▶ _To do_: Among the records below, find each line bearing the word "Online" and copy it.

Stored data entries
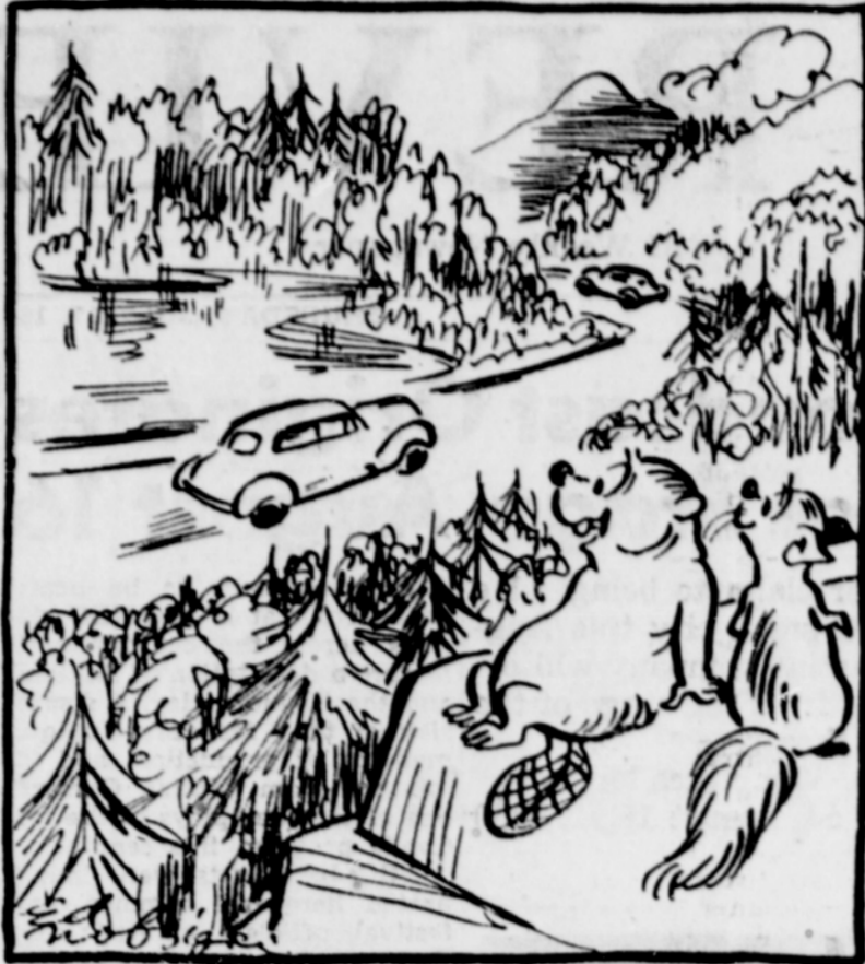
Forest Service, U. S. Department of Agriculture "The human race lives on trees—if trees didn't protect and maintain soil and water resources, there'd be no human race."
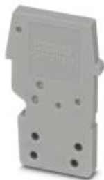
End cover, length: 17.8 mm, width: 3 mm, height: 27 mm, color: gray

Please be informed that the data shown in this PDF Document is generated from our Online Catalog. Please find the complete data in the user's documentation. Our General Terms of Use for Downloads are valid ( http://phoenixcontact.com/download )
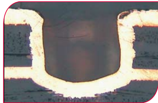
Blind via with standard tool
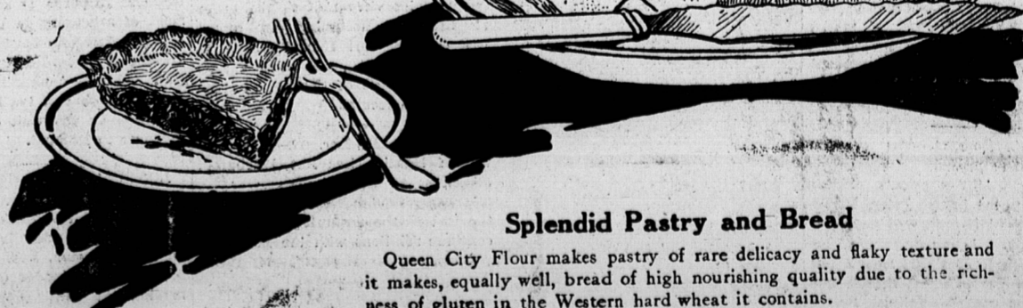
Splendid Pastry and Bread

Use our flour. Then you can always be sure of happy results. It always contains just the correct amount of Ontario winter wheat for flavor and flaky texture—always exactly the right proportion of Manitoba spring wheat for fine big loaves of nourishing, delicious, flaky bread. No occasions occur when extra quantities of expensive shortening are needed to counteract over-strength in the flour when making pastry—and bread always rises properly. Try Queen City Flour for uniformly good baking results.
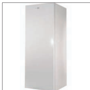
Frigider ARCTIC 255 I EUR 60.00 Cod 025 010 020 199
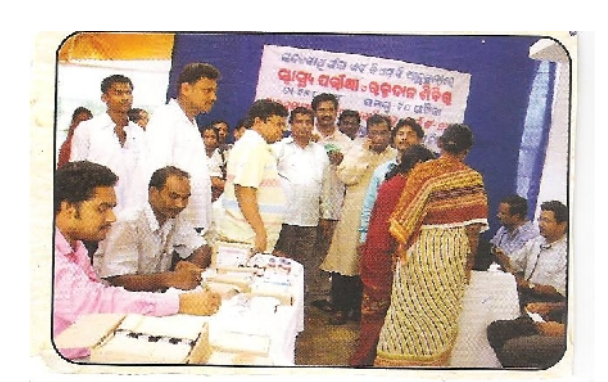
HEALTH CHECK-UP CAMP

The programme is to foster neighborhood development committees in low income neighborhood areas for effective participation of urban poor in programme implementation. The ULBs have utilized 77.57 lakhs towards Social services like health, education, welfare, training and awareness camps.
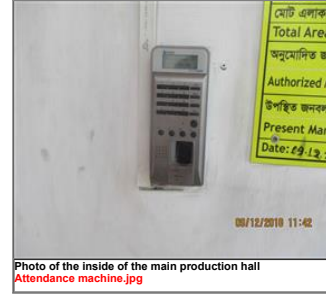
Photo of the inside of the main production hall Attendance machine.jpg
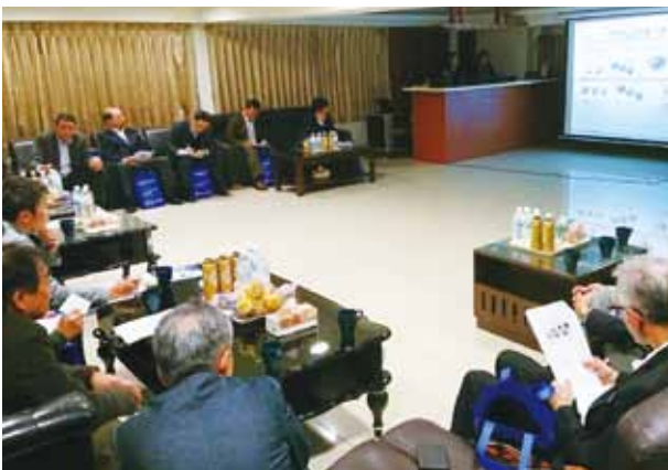
● 日本住友建機朝日公司參訪&會議 Sumitomo Corporation visited & meeting)
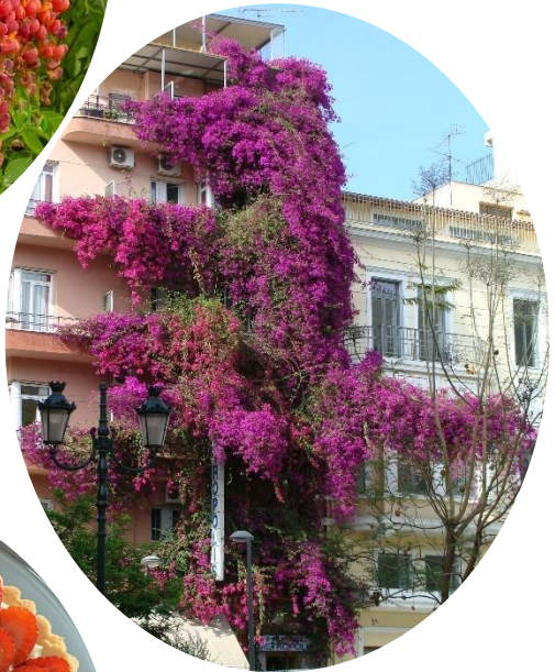
A Trailing Plant Marsha Lipsius
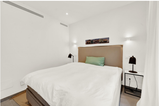
Bedroom in garden apartment for sale
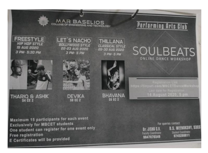
Fig:8 Poster of SoulBeats Online Dance Workshop
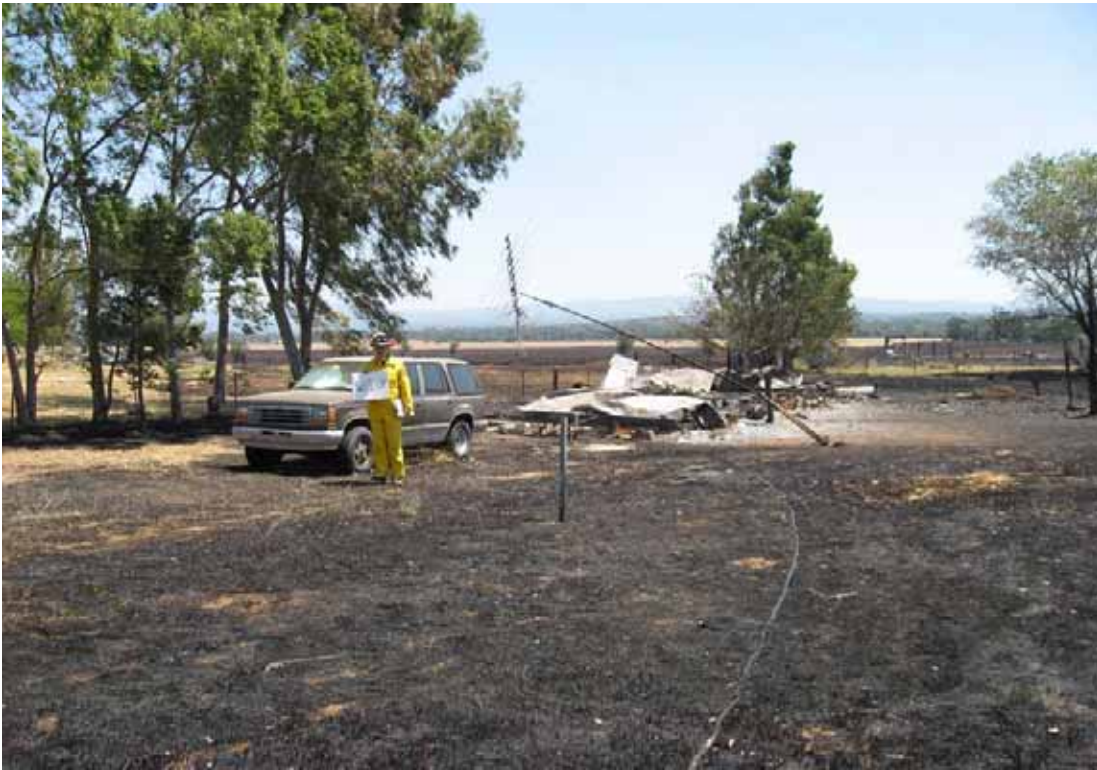
Waypoint 201, 62 Horney Toad Rd 6/12/08
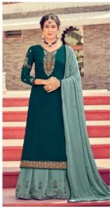
CODE \ 7301
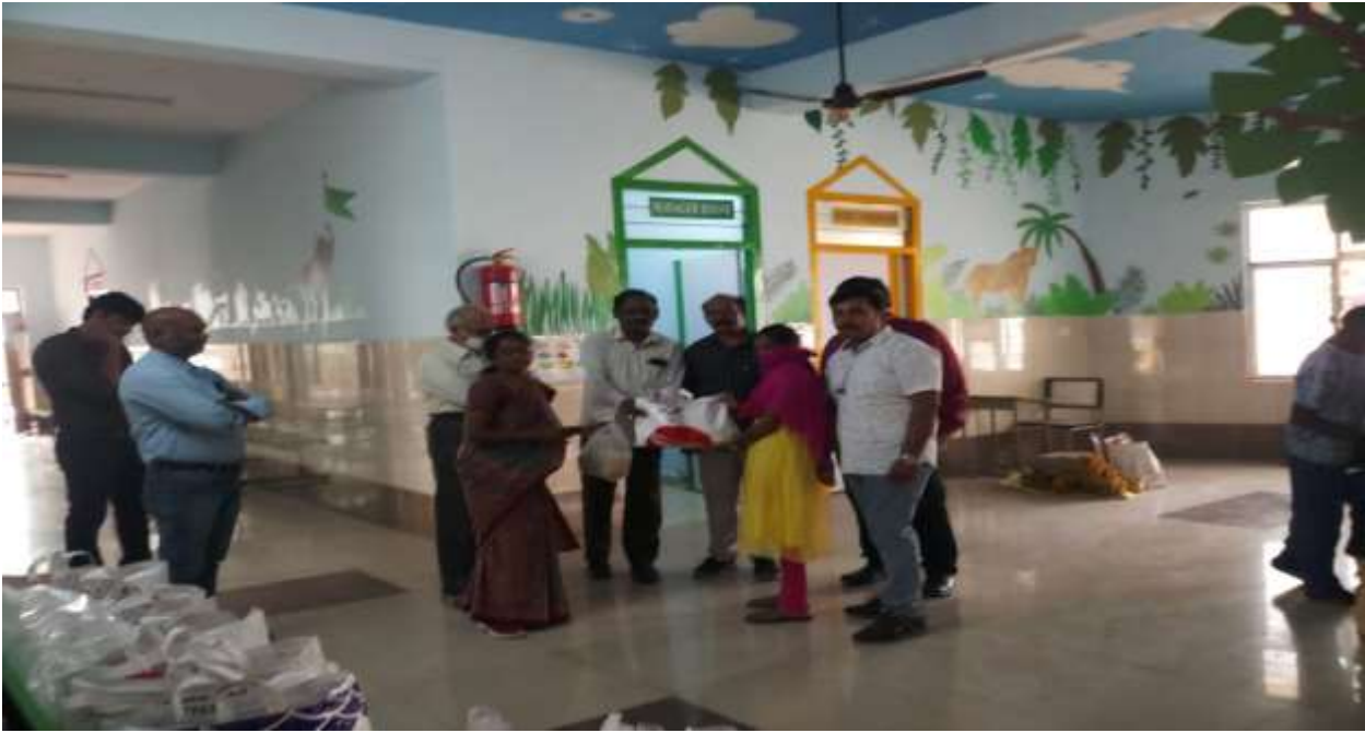
NUTRITION DISTRIBUTED AT ART CENTER IN ELURU ON 02-12-2022

▶ _Written answer_:
Please be informed that the data shown in this PDF Document is generated from our Online Catalog. Please find the complete data in the user's documentation. Our General Terms of Use for Downloads are valid ( http://phoenixcontact.com/download )
Fig:8 Poster of SoulBeats Online Dance Workshop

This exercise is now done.